Appeal from a judgment of the Niagara County Court (Sara S. Sperrazza, J.), rendered June 18, 2003. The judgment convicted defendant, upon a jury verdict, of criminal possession of a controlled substance in the fifth degree and criminal possession of a controlled substance in the seventh degree.
It is hereby ordered that the judgment so appealed from be and the same hereby is unanimously affirmed.

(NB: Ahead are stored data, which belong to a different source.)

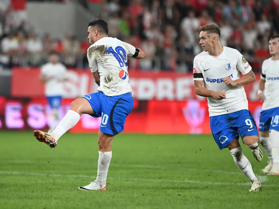Constantin Valentin Budescu marcheaza un gol sub privirile lui Louis Munteanu in meciul de fotbal dintre Dinamo Bucuresti si Farul Constanta, din cadrul Superligii Superbet, desfasurat pe Stadionul National Arcul de Triumf din Bucuresti, vineri 22 septembrie 2023. © FOTO:Razvan Pasarica/SPORT PICTURES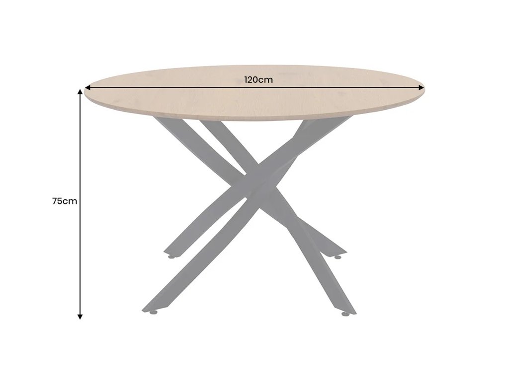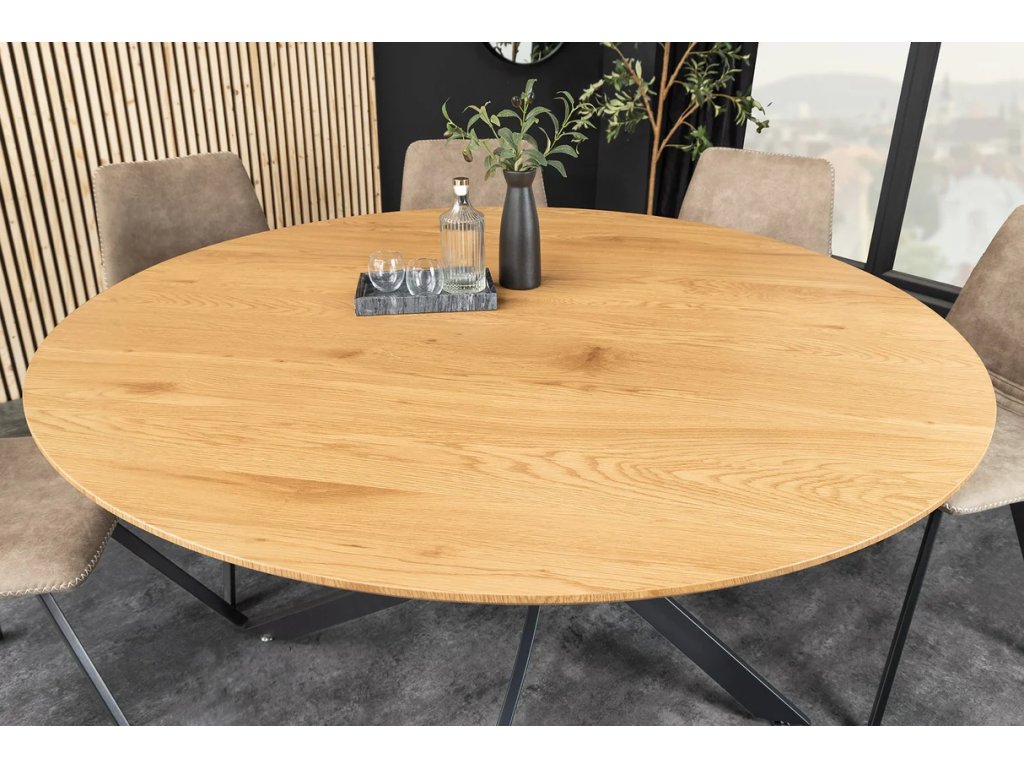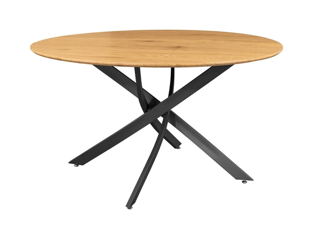 Dizajnový okrúhly jedálenský stôl Arana spája prirodzený vzhľad divokého duba s moderným industriálnym dizajnom. Doska z MDF s pravou dyhou z divokého duba vyniká výraznou kresbou dreva a dodáva interiéru teplo a charakter. Pevná čierna kovová konštrukcia zaisťuje stabilitu a dlhú životnosť. Okrúhly tvar stola s priemerom 120 cm vytvára ideálny priestor pre rodinné večere, neformálne posedenie aj slávnostné stretnutie s priateľmi. Jedálenský stôl Arana sa skvele hodí do moderných, industriálnych aj prírodne ladených interiérov.
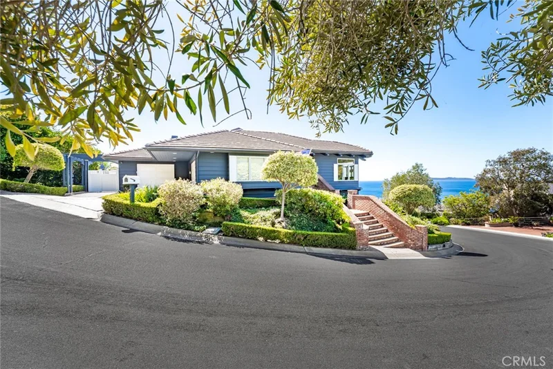 Discover this breathtaking 4-bedroom retreat nestled in the prestigious Coast Royal neighborhood of South Laguna Beach. Perched on a corner lot near the end of a small cul-de-sac, this private home boasts panoramic ocean and canyon views. Step inside to discover you're surrounded by ocean and hillside views from every window. The inviting living space is bathed in natural light, expansive windows that frame the dramatic scenery, and warm oak flooring that sets the stage for elevated, coastal living. Imagine hosting dinners in a dining room with seated ocean views, soaring exposed-beam ceilings, and a table to gather nine while enjoying the sunset. The thoughtfully-designed kitchen boasts high-end appliances, walk-in pantry, window banquet seating, and a functional layout ideal for everyday living and entertaining. Steps away, a second living area invites you to unwind beside a charming stone-faced fireplace. Open the South-facing Dutch door or French doors to reveal a sprawling deck that wraps the front of the home; take in the dramatic views from lounge seating or while eating al fresco at the dining table. The lower level features four spacious bedrooms, each with ocean views! The expansive primary suite is a tranquil retreat with direct access to deck/yard and an oversized walk-in closet with built ins. Elegant ensuite bathroom features a clawfoot tub, shower with a Catlaline view and Carrera marble double vanity. The additional three bedrooms share a beautifully-remodeled bathroom, offering comfort and style for family or guests. Laundry room with plenty of storage completes the lower level. The outdoor living spaces include two scenic-view balconies perfect for unwinding or dining, a spacious lower deck with inviting seating, and a landscaped backyard with artificial turf for easy maintenance and year-round greenery. Parking is a breeze with a highly sought-after two-car garage complemented by an additional partially-covered carport, an exceptional find in Laguna Beach. Ideally located just moments from popular West Street and Table Rock Beaches, as well as the popular Valido Trail. This home offers the ultimate blend of coastal luxury and quick access to The Montage Laguna Beach and The Ranch at Laguna Beach. Don’t miss the opportunity to experience the best of South Laguna in this exceptionally-located and maintained property!

Memorandum: Defendant appeals from a judgment convicting him, upon a jury verdict, of criminal possession of a controlled substance in the fifth degree (Penal Law § 220.06 [1]) and criminal possession of a controlled substance in the seventh degree (§ 220.03). Defendant contends that County Court erred in permitting two detectives to provide expert testimony that defendant possessed LSD with the intent to sell it, on the ground that the admission of that testimony invaded the province of the jury. Defendant failed to object to the testimony of those detectives on that ground and thus failed to preserve his present contention for our review (see CPL 470.05 [2]; People v Dawson, 50 NY2d 311, 324 [1980]; People v Ferrer, 17 AD3d 777, 778 [2005], lv denied 5 NY3d 788 [2005]; People v Schutt, 174 AD2d 1035 [1991], lv denied 78 NY2d 1081 [1991]). In any event, we conclude that defendant’s contention lacks merit. The record establishes that defense counsel asked the same questions of both detectives on cross-examination as those asked by the prosecutor on direct examination concerning defendant’s intent to sell the LSD and thus defendant will not be heard to complain that he was prejudiced by the detectives’ answers to those questions (see generally People v Morales, 246 AD2d 396, 397 [1998], lv denied 91 NY2d 943 [1998]; People v Ramirez, 125 AD2d 343 [1986], lv denied 69 NY2d 885 [1987]). Furthermore, the record establishes that the testimony of one of the *1019detectives did not in fact invade the province of the jury (see generally People v Hicks, 2 NY3d 750, 751 [2004]) and, with respect to the testimony of the other detective, any error in the admission of his testimony is harmless (see generally People v Crimmins, 36 NY2d 230, 241-242 [1975]). The People established that defendant possessed more than 200 individual “hits” of LSD, and that quantity is sufficient to establish an intent to sell the drugs rather than to retain them for personal use (see generally People v Alvino, 71 NY2d 233, 245 [1987]; People v Bell, 296 AD2d 836 [2002], lv denied 98 NY2d 766 [2002]; People v Smith, 217 AD2d 910, 911 [1995]). Present—Pigott, Jr., P.J., Hurlbutt, Kehoe, Smith and Green, JJ.